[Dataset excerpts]
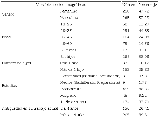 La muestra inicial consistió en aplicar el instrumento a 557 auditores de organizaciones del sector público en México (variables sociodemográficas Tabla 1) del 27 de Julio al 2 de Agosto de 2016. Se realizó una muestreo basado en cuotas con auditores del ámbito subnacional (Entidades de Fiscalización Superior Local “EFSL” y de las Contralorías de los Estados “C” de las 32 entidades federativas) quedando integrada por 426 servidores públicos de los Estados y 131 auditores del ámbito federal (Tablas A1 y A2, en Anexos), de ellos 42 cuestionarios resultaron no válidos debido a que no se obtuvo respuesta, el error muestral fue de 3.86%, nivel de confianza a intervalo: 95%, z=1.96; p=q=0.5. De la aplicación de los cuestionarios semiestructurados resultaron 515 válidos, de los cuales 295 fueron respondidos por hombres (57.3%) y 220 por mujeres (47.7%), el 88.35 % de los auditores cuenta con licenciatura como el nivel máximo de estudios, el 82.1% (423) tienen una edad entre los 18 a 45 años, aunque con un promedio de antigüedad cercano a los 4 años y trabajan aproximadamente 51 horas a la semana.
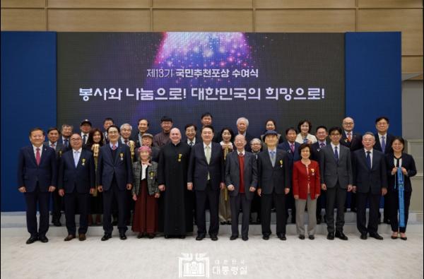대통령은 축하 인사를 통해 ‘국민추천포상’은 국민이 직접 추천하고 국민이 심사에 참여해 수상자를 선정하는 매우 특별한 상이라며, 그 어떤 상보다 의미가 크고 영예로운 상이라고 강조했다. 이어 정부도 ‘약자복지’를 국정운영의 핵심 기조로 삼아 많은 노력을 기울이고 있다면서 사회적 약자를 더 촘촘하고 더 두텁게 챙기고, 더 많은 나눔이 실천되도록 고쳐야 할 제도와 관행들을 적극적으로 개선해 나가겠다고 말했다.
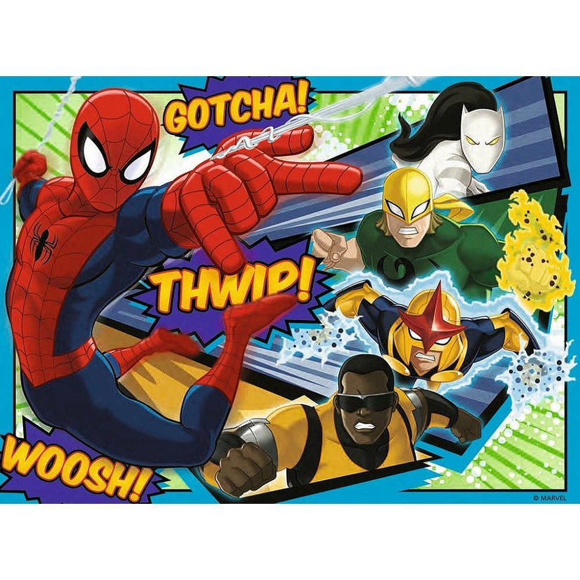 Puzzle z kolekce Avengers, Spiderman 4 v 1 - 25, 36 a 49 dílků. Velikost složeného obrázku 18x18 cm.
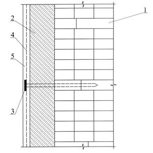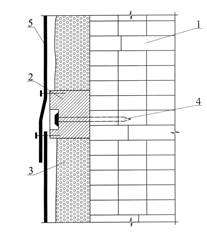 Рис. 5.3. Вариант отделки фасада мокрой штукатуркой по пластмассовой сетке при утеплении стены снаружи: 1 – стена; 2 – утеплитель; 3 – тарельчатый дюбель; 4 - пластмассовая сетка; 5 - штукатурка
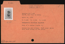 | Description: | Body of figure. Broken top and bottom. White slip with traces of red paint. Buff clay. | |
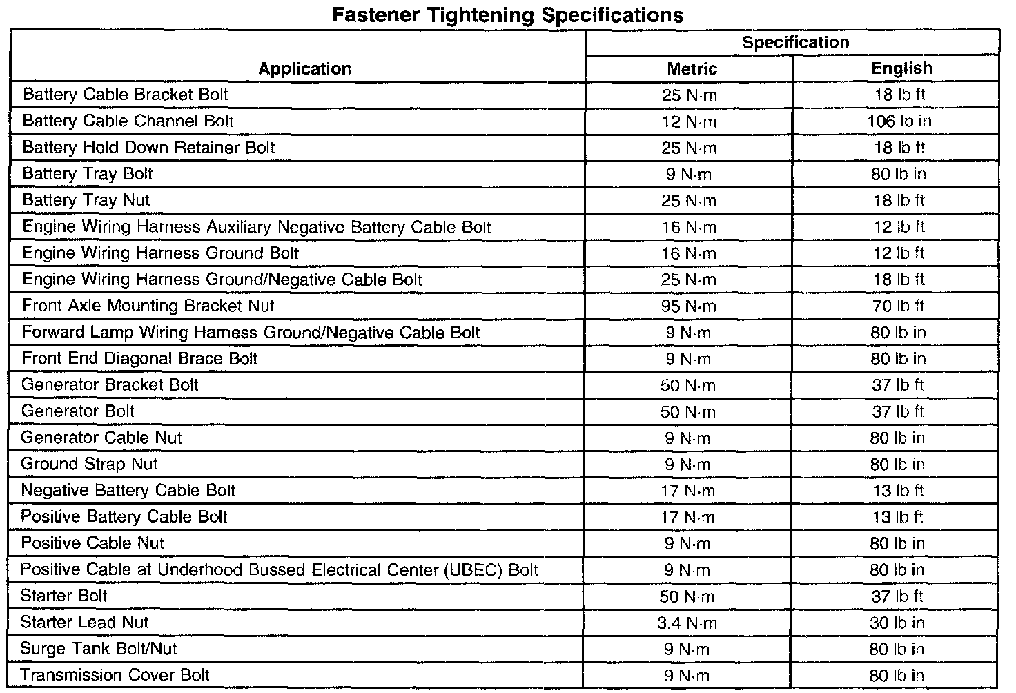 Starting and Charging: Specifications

**PROBLEM TO WORK ON**
The entries above should be retyped exactly, minus any pictures.

**TASK SOLUTION**
 La muestra inicial consistió en aplicar el instrumento a 557 auditores de organizaciones del sector público en México (variables sociodemográficas Tabla 1) del 27 de Julio al 2 de Agosto de 2016. Se realizó una muestreo basado en cuotas con auditores del ámbito subnacional (Entidades de Fiscalización Superior Local “EFSL” y de las Contralorías de los Estados “C” de las 32 entidades federativas) quedando integrada por 426 servidores públicos de los Estados y 131 auditores del ámbito federal (Tablas A1 y A2, en Anexos), de ellos 42 cuestionarios resultaron no válidos debido a que no se obtuvo respuesta, el error muestral fue de 3.86%, nivel de confianza a intervalo: 95%, z=1.96; p=q=0.5. De la aplicación de los cuestionarios semiestructurados resultaron 515 válidos, de los cuales 295 fueron respondidos por hombres (57.3%) y 220 por mujeres (47.7%), el 88.35 % de los auditores cuenta con licenciatura como el nivel máximo de estudios, el 82.1% (423) tienen una edad entre los 18 a 45 años, aunque con un promedio de antigüedad cercano a los 4 años y trabajan aproximadamente 51 horas a la semana.
대통령은 축하 인사를 통해 ‘국민추천포상’은 국민이 직접 추천하고 국민이 심사에 참여해 수상자를 선정하는 매우 특별한 상이라며, 그 어떤 상보다 의미가 크고 영예로운 상이라고 강조했다. 이어 정부도 ‘약자복지’를 국정운영의 핵심 기조로 삼아 많은 노력을 기울이고 있다면서 사회적 약자를 더 촘촘하고 더 두텁게 챙기고, 더 많은 나눔이 실천되도록 고쳐야 할 제도와 관행들을 적극적으로 개선해 나가겠다고 말했다.
 Puzzle z kolekce Avengers, Spiderman 4 v 1 - 25, 36 a 49 dílků. Velikost složeného obrázku 18x18 cm.
 Рис. 5.3. Вариант отделки фасада мокрой штукатуркой по пластмассовой сетке при утеплении стены снаружи: 1 – стена; 2 – утеплитель; 3 – тарельчатый дюбель; 4 - пластмассовая сетка; 5 - штукатурка
 | Description: | Body of figure. Broken top and bottom. White slip with traces of red paint. Buff clay. | |
 Starting and Charging: Specifications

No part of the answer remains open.